Oscar Elton Sette has an oceanographic winch with a maximum pull weight of 15,380 lb which can deploy up to 8,000 m of 3/8-inch (9.5-mm) conductor cable. She also has a CTD winch with a maximum pull weight of 14,700 lb which can deploy 2,000 m of 3/8-inch (9.5-mm) conductor cable, and two hydraulic trawl winches, each with a maximum pull weight of 57,300 lb and capable of deploying 5,000 m of 5/8-inch (15.9-mm) steel wire. She has an articulating crane with a maximum lifting capacity of 24,000 lb and a lifting capacity of 6,600 lb at full extension. She has a movable A-frame with a maximum safe working load of 10,000 lb and two movable J-frames each with a maximum safe working load of 3,500 lb.

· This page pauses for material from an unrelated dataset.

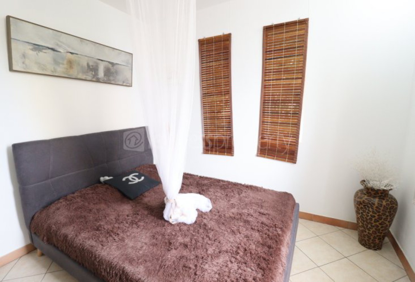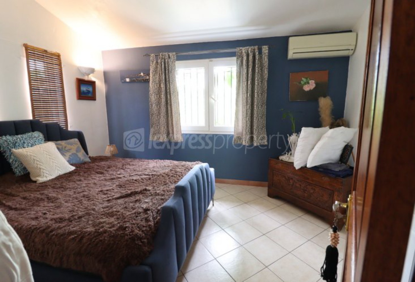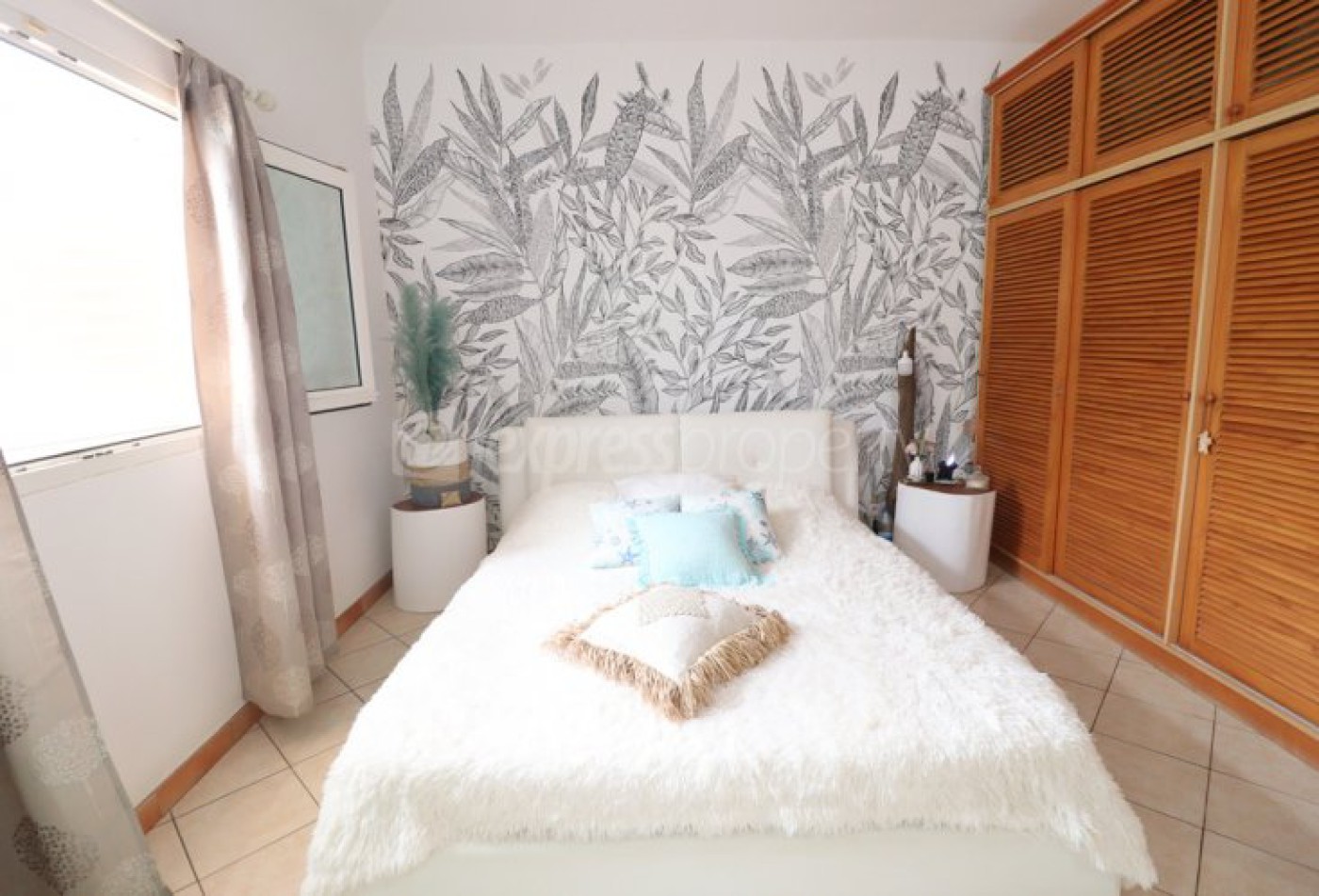 Beautiful family home sold unfurnished in a pleasant residential neighborhood not far from the public beach. From the entrance, your eyes are drawn to the pool area surrounded by lush greenery that creates a true bubble of privacy while bringing freshness and serenity. A few steps up, a lovely veranda invites you to relax. The house opens onto a bright living space extended by a friendly open-plan kitchen. The ground floor also includes a practical bedroom with a lovely view of the pool and garden and a shared bathroom. An automatic gate leads to a driveway to the garage, which connects directly to the laundry room and kitchen. At the back, a landscaped garden with a few fruit trees completes this level. Upstairs, the sleeping area consists of a bedroom with a private balcony, a shared bathroom, a second bedroom with a built-in wardrobe, and a versatile third room currently used as an office. Carefully maintained, this home offers an ideal living environment for a family wishing to settle in a pleasant neighborhood close to the sea.

Oscar Elton Sette has a 150-square-foot (sq. ft.) (13.9-square-meter) (m^{2}) wet laboratory, a 100-sq.-ft. (9.3-m^{2}) dry laboratory, a 100-sq.-ft. (9.3-m^{2}) electronics and computer laboratory, and a 50-sq.-ft. (4.6-m^{2}) hydrographic laboratory. She also has a 50-sq.-ft. (4.6-m^{2}) scientific freezer and a 50-sq.-ft. (4.6-m^{2}) store room.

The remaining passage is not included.